Exercise description> Please restate word for word each line from the one containing "Results of codl's Battle" to the last line of the records below, and drop the pictures.

Start of Extracted data

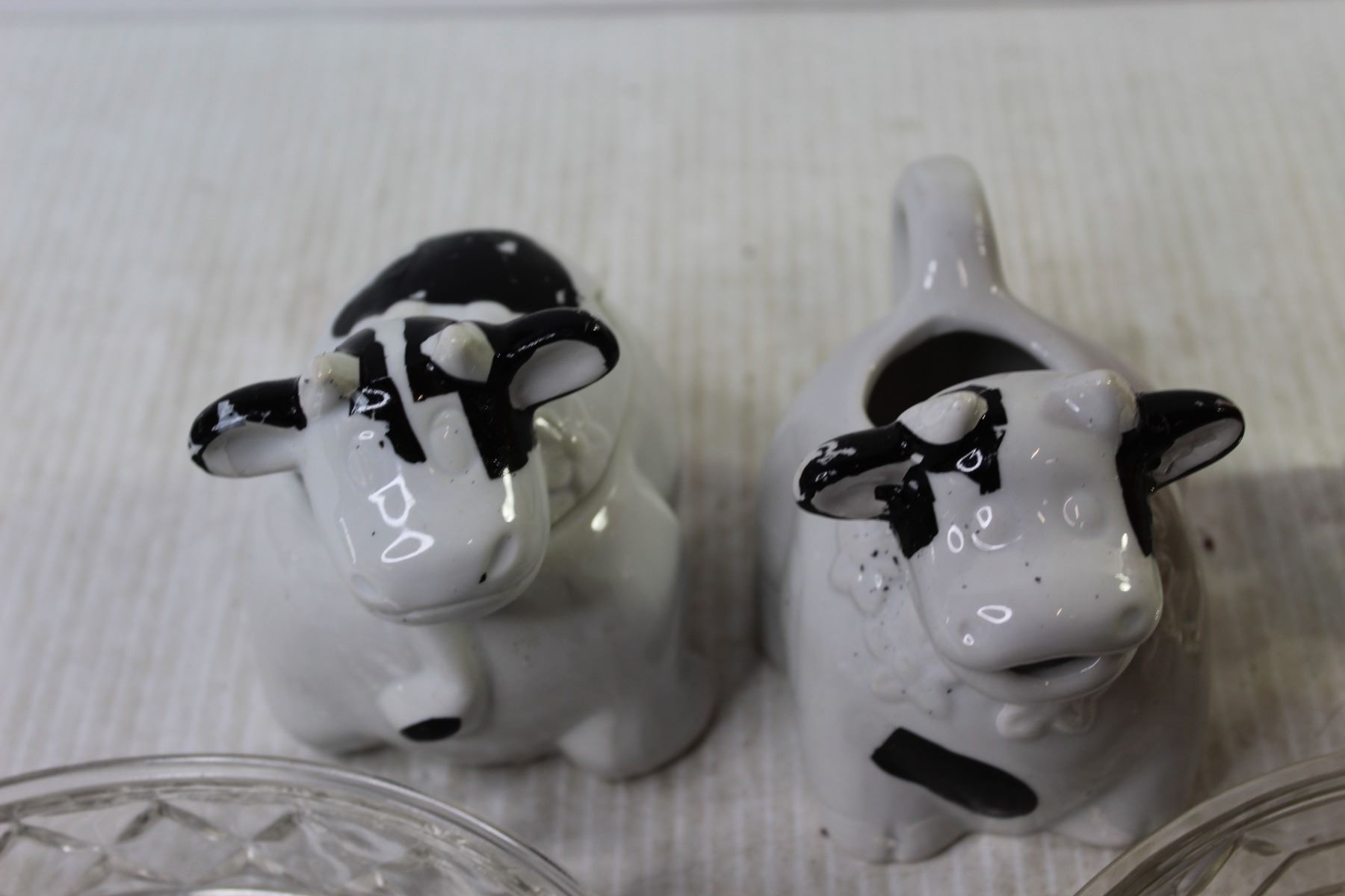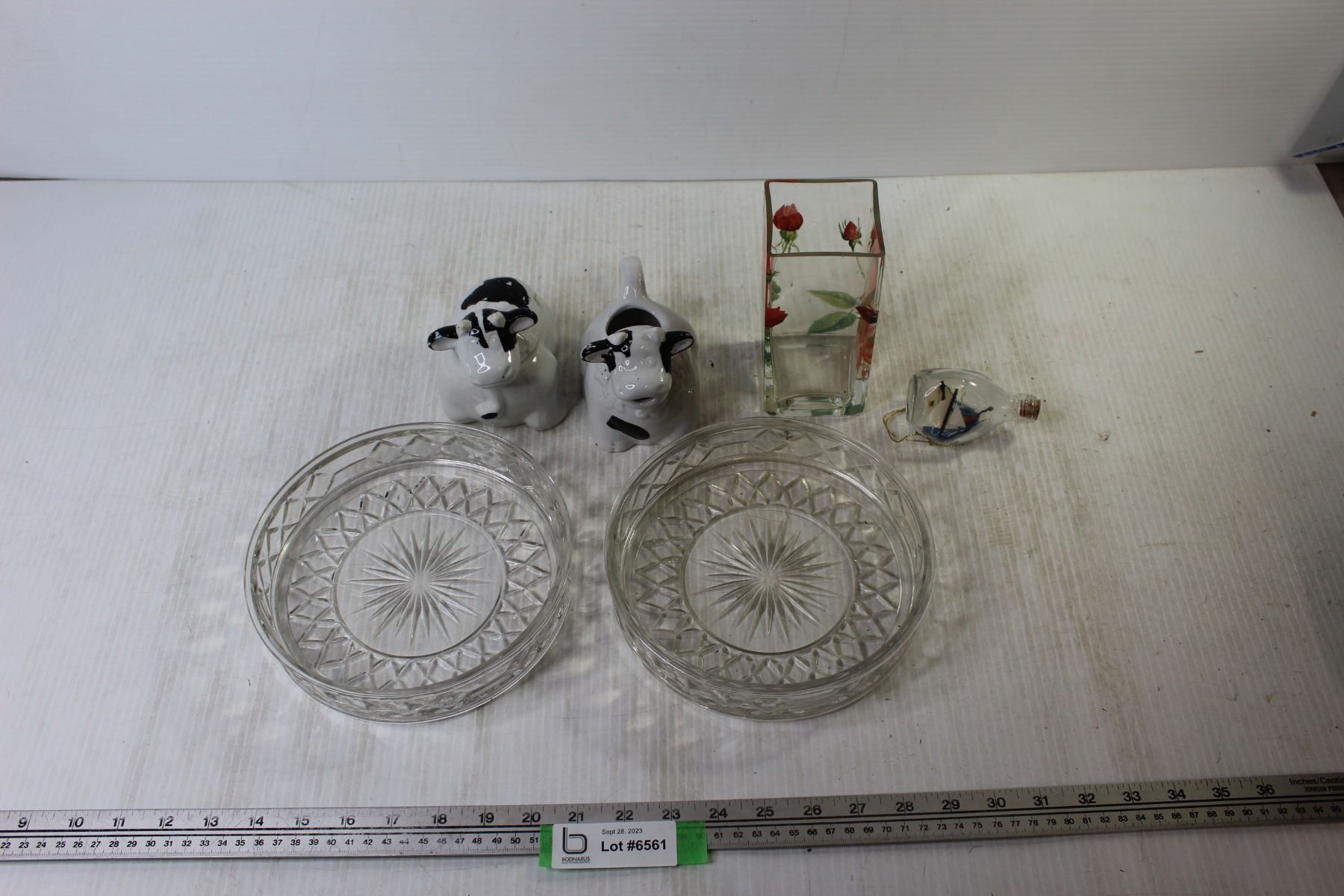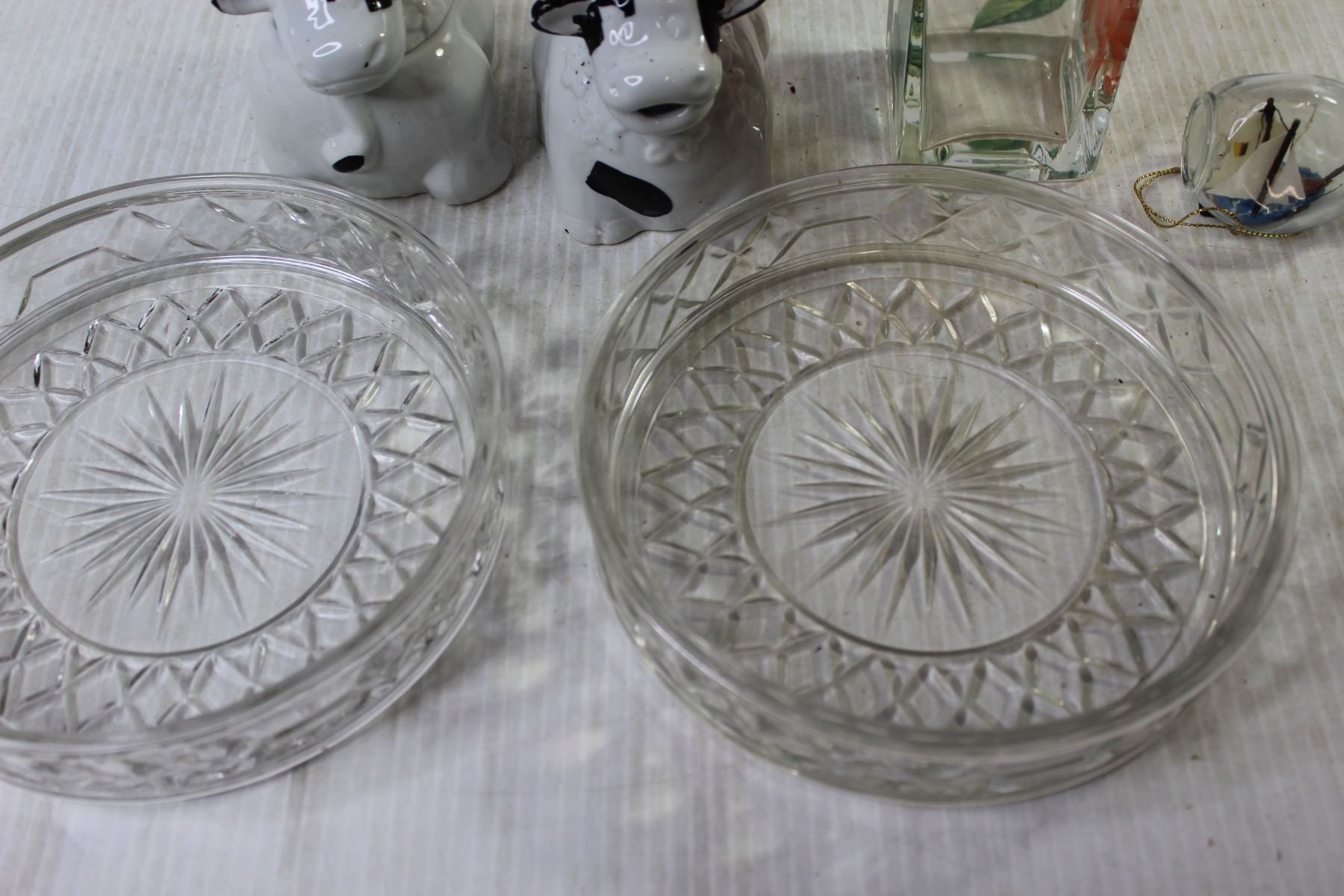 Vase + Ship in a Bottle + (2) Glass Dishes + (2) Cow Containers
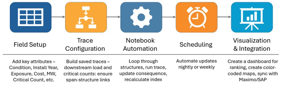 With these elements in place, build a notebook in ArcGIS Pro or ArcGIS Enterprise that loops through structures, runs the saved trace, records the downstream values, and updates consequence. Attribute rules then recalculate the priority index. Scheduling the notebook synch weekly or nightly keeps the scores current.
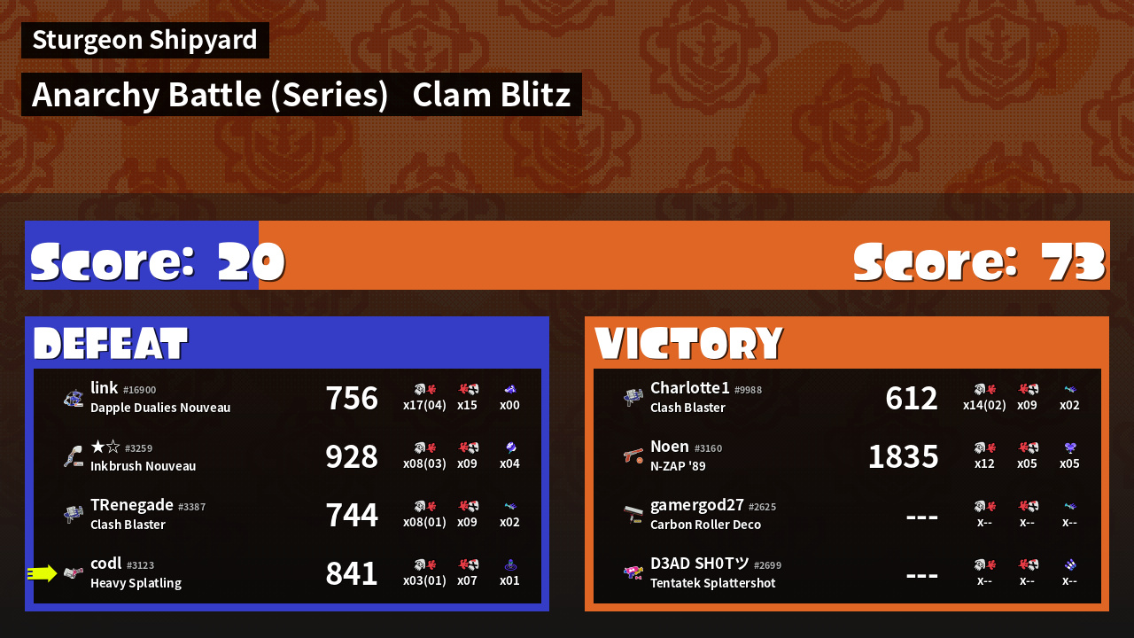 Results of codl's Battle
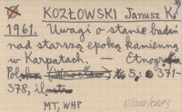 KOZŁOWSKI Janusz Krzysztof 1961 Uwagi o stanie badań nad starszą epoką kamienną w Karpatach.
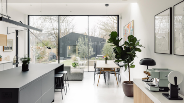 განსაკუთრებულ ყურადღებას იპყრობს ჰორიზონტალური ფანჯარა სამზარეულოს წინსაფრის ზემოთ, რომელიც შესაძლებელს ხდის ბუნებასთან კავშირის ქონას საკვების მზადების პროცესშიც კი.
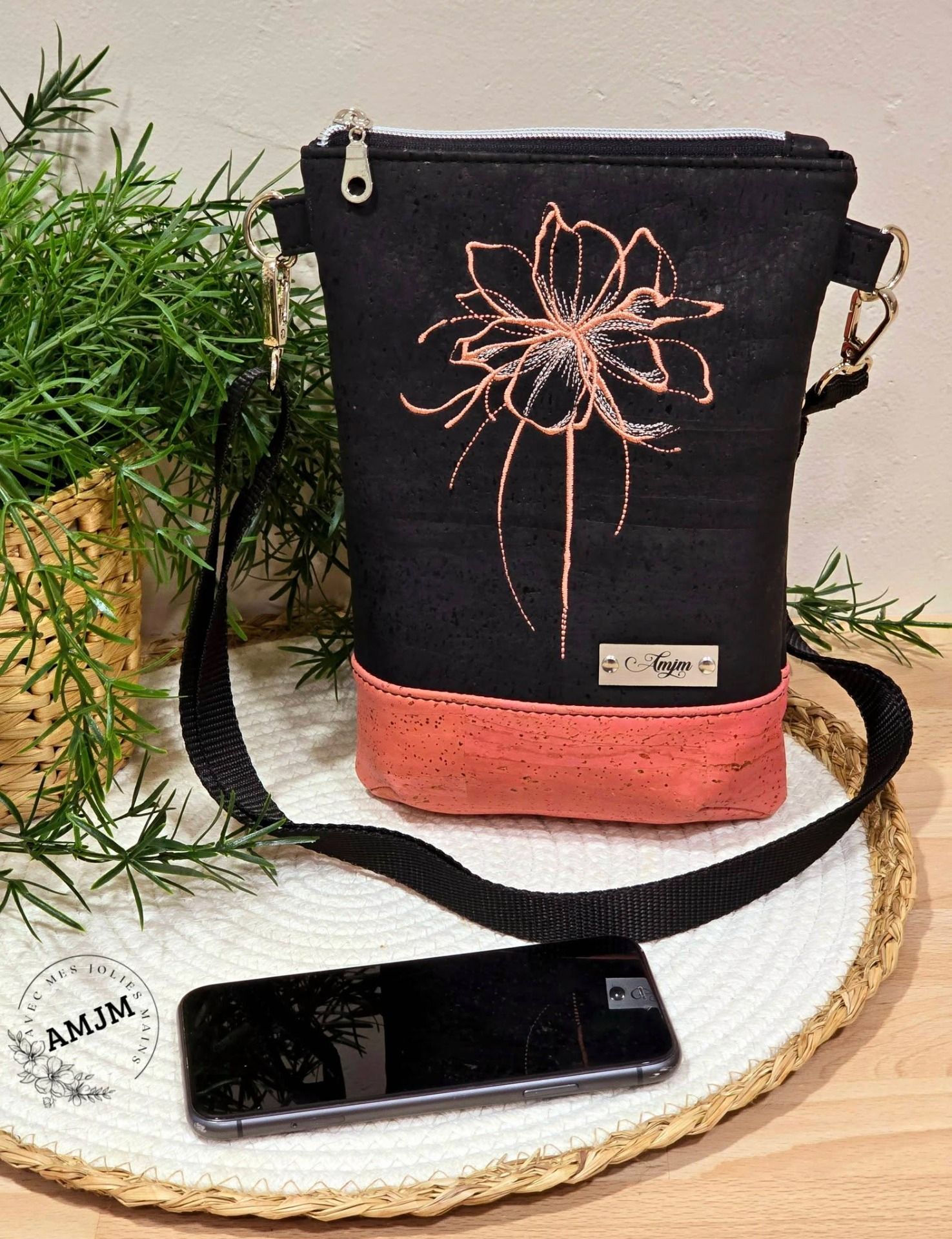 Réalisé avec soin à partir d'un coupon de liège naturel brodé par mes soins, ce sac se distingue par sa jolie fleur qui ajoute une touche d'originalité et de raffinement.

End of Extracted data

Result>
 Results of codl's Battle
 KOZŁOWSKI Janusz Krzysztof 1961 Uwagi o stanie badań nad starszą epoką kamienną w Karpatach.
 განსაკუთრებულ ყურადღებას იპყრობს ჰორიზონტალური ფანჯარა სამზარეულოს წინსაფრის ზემოთ, რომელიც შესაძლებელს ხდის ბუნებასთან კავშირის ქონას საკვების მზადების პროცესშიც კი.
 Réalisé avec soin à partir d'un coupon de liège naturel brodé par mes soins, ce sac se distingue par sa jolie fleur qui ajoute une touche d'originalité et de raffinement.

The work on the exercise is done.